Answer :
Certainly! Let's perform the polynomial division of \(8x^3 + 6x^2 + 10x - 1\) by \(1 - 4x\) step by step.
### Step-by-Step Polynomial Division
1. Setup the division:
We are dividing \(8x^3 + 6x^2 + 10x - 1\) by \(1 - 4x\). We'll write our polynomials in the standard form.
2. Divide the leading terms:
The leading term of the dividend \(8x^3\) divided by the leading term of the divisor \(-4x\):
[tex]\[ \frac{8x^3}{-4x} = -2x^2 \][/tex]
This becomes the first term of our quotient.
3. Multiply and subtract:
Multiply the entire divisor \(1 - 4x\) by \(-2x^2\) and subtract it from the original polynomial:
[tex]\[ (1 - 4x) \cdot (-2x^2) = -2x^2 + 8x^3 \][/tex]
Subtract this from \(8x^3 + 6x^2 + 10x - 1\):
[tex]\[ \begin{array}{r} 8x^3 + 6x^2 + 10x - 1 \\ - (8x^3 - 8x^3 + 16x^2) \\ \hline 6x^2 - 16x^2 + 10x - 1 \\ 6x^2 - 16x^2 = -10x^2 \\ 10x - 1 \end{array} \][/tex]
So, now, our polynomial becomes \(-10x^2 + 10x - 1\).
4. Repeat the process:
Divide the new leading term \(-10x^2\) by the leading term of the divisor \(-4x\):
[tex]\[ \frac{-10x^2}{-4x} = 2.5x \][/tex]
Multiply the entire divisor \(1 - 4x\) by \(2.5x\) and subtract:
[tex]\[ (1 - 4x) \cdot (2.5x) = 2.5x - 10x^2 \][/tex]
Subtract this from \(-10x^2 + 10x - 1\):
[tex]\[ \begin{array}{r} -10x^2 + 10x - 1 \\ - (-10x^2 + 10x) \\ \hline 10x - 10x = 0x - 1 + 10 \\ -1 \end{array} \][/tex]
Now, our polynomial is reduced to -1.
5. Check the remainder:
Since our polynomial \(-1\) is a constant and cannot be divided further by \(1 - 4x\), this is our remainder.
### Final Answer:
The quotient is:
[tex]\[ -2x^2 + 2.5x \][/tex]
The remainder is:
[tex]\[ -1 \][/tex]
So, when we divide [tex]\(8x^3 + 6x^2 + 10x - 1\)[/tex] by [tex]\(1 - 4x\)[/tex], the quotient is [tex]\(-2x^2 + 2.5x\)[/tex] and the remainder is [tex]\(-1\)[/tex].
### Step-by-Step Polynomial Division
1. Setup the division:
We are dividing \(8x^3 + 6x^2 + 10x - 1\) by \(1 - 4x\).

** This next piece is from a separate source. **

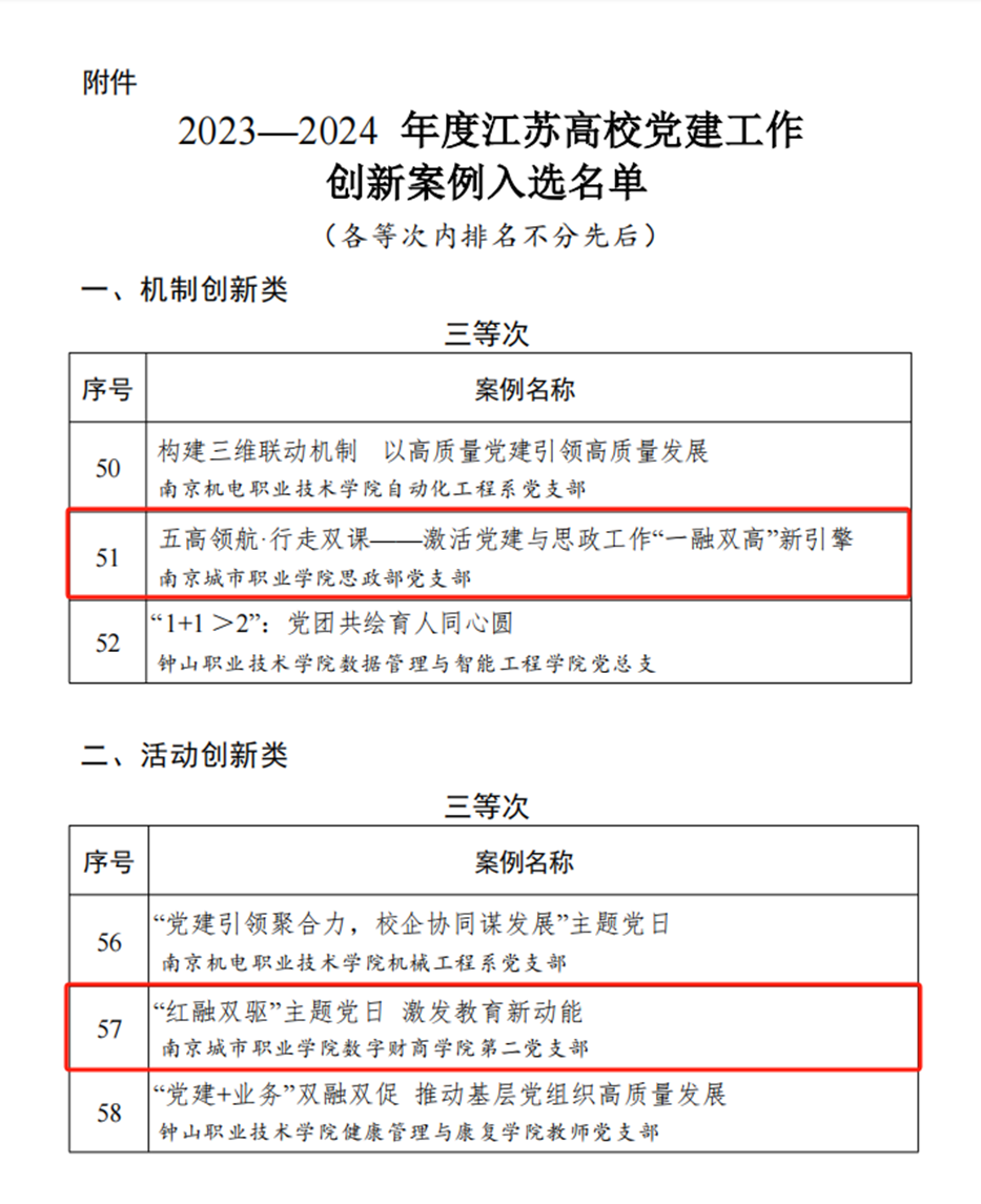 近日,省委教育工委公布2023-2024年度江苏高校党建工作创新案例名单,我校申报的两个案例全部入选。思政部党支部“五高领航·行走双课——激活党建与思政工作‘一融双高’新引擎”案例入选机制创新类第三等次;数字财商学院第二党支部“‘红融双驱’主题党日 激发教育新动能”案例入选活动创新类第三等次。

We'll write our polynomials in the standard form.
2. Divide the leading terms:
The leading term of the dividend \(8x^3\) divided by the leading term of the divisor \(-4x\):
[tex]\[ \frac{8x^3}{-4x} = -2x^2 \][/tex]

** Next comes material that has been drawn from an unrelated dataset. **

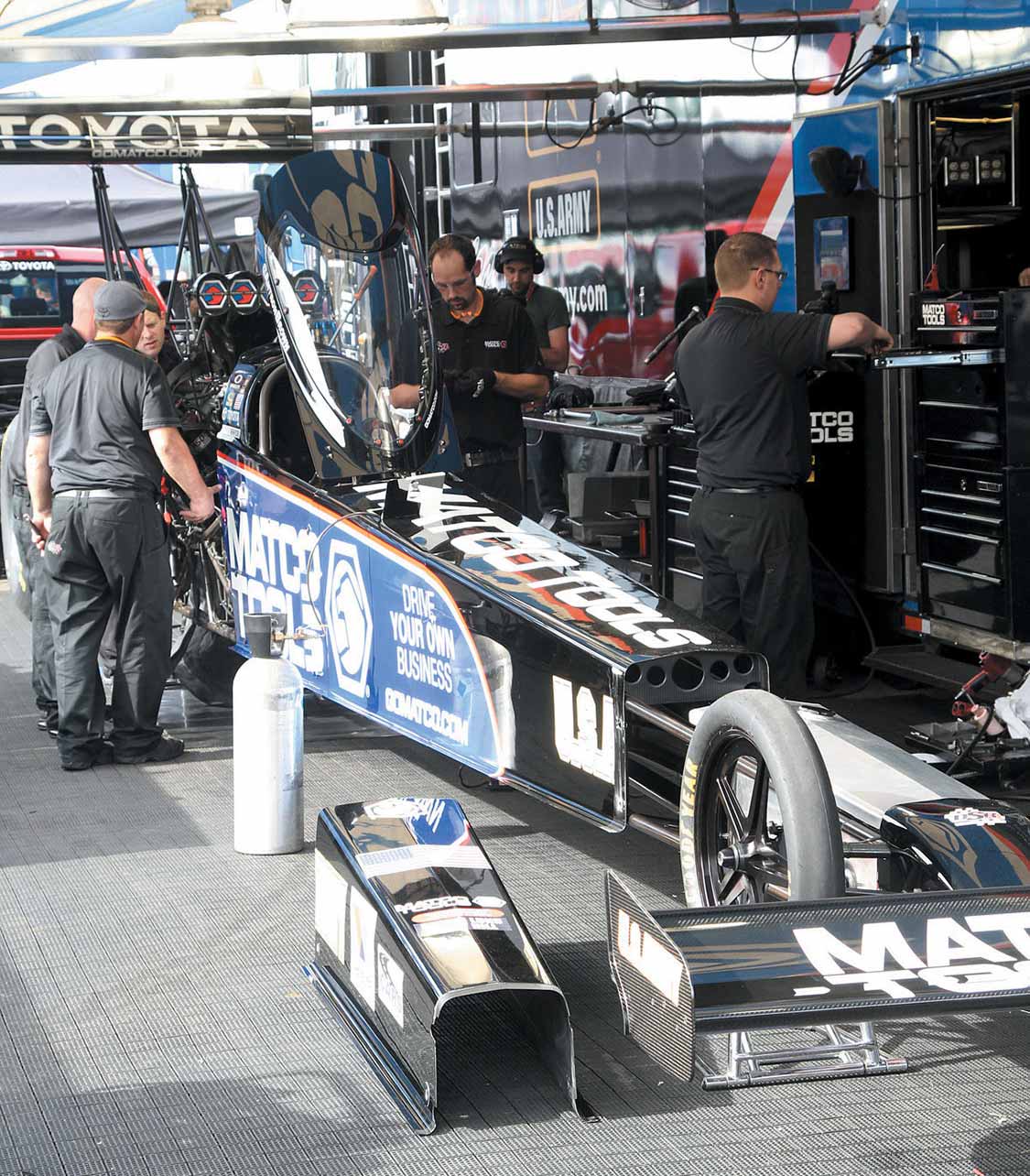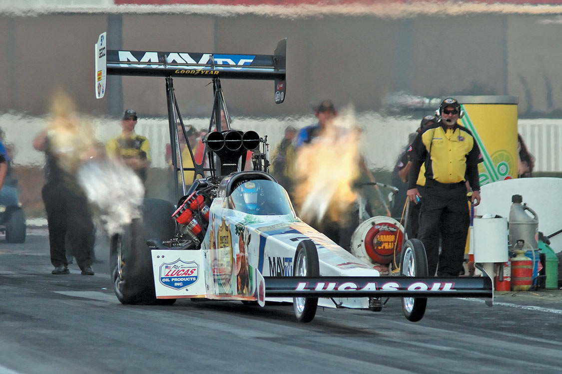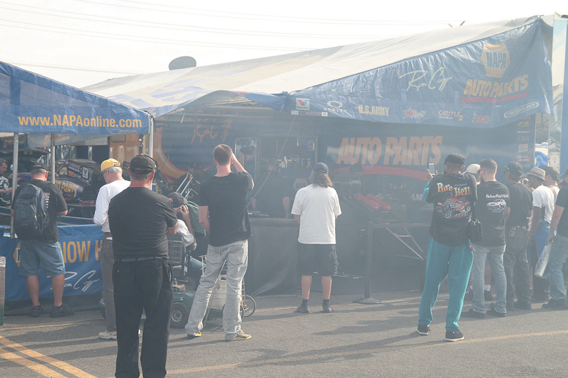 Stock Eliminator: Bo Butner (black car), 9.951 E.T., defeated Peter Biondo’s 10.393 E.T.Smoke on the track and in the sky. Megan McKernan does a burnout at sunset in her Top Alcohol Dragster.Shawn Langdon’s dragster gets ready in his pit.Antron Brown’s pit readies his dragster.When the nitro dragsters warm up, people like to breathe deeply of the dragster exhaust.

This becomes the first term of our quotient.
3. Multiply and subtract:
Multiply the entire divisor \(1 - 4x\) by \(-2x^2\) and subtract it from the original polynomial:
[tex]\[ (1 - 4x) \cdot (-2x^2) = -2x^2 + 8x^3 \][/tex]
Subtract this from \(8x^3 + 6x^2 + 10x - 1\):
[tex]\[ \begin{array}{r} 8x^3 + 6x^2 + 10x - 1 \\ - (8x^3 - 8x^3 + 16x^2) \\ \hline 6x^2 - 16x^2 + 10x - 1 \\ 6x^2 - 16x^2 = -10x^2 \\ 10x - 1 \end{array} \][/tex]

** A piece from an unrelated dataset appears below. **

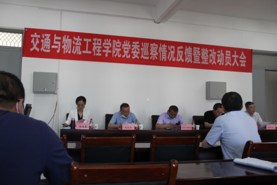 会上,由校党委第三巡察组组长金晓龙同志宣读了反馈意见,指出了交通与物流工程学院党委在党的领导、党的建设、全面从严治党等方面存在的系列问题。校党委巡察工作领导小组办公室主任李全棋同志向交通与物流工程学院党委提出整改要求:要充分增强党的领导核心作用,抓好班子队伍建设;强化党支部的战斗堡垒作用;落实全面从严治党主体责任,持续推进党风廉政建设;加强意识形态领域反分裂斗争纪律,严肃六项纪律和八项规定,坚决整治工作纪律和工作作风等。要求交通与物流工程学院党委制定整改方案,列出问题清单,建立工作台账,明确整改时限,及时公开整改情况,接受全校党员干部和师生监督。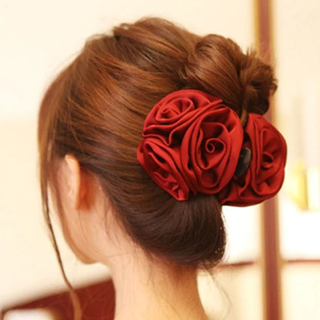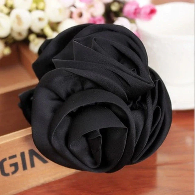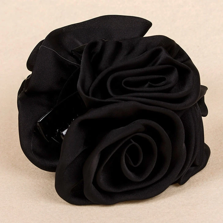 Three satin roses on each side arranged around a large black claw clip, approximately 9cm long. Perfect for creating a stunning up-do!

So, now, our polynomial becomes \(-10x^2 + 10x - 1\).
4. Repeat the process:
Divide the new leading term \(-10x^2\) by the leading term of the divisor \(-4x\):
[tex]\[ \frac{-10x^2}{-4x} = 2.5x \][/tex]
Multiply the entire divisor \(1 - 4x\) by \(2.5x\) and subtract:
[tex]\[ (1 - 4x) \cdot (2.5x) = 2.5x - 10x^2 \][/tex]
Subtract this from \(-10x^2 + 10x - 1\):
[tex]\[ \begin{array}{r} -10x^2 + 10x - 1 \\ - (-10x^2 + 10x) \\ \hline 10x - 10x = 0x - 1 + 10 \\ -1 \end{array} \][/tex]
Now, our polynomial is reduced to -1.
5. Check the remainder:
Since our polynomial \(-1\) is a constant and cannot be divided further by \(1 - 4x\), this is our remainder.
### Final Answer:
The quotient is:
[tex]\[ -2x^2 + 2.5x \][/tex]
The remainder is:
[tex]\[ -1 \][/tex]
So, when we divide [tex]\(8x^3 + 6x^2 + 10x - 1\)[/tex] by [tex]\(1 - 4x\)[/tex], the quotient is [tex]\(-2x^2 + 2.5x\)[/tex] and the remainder is [tex]\(-1\)[/tex].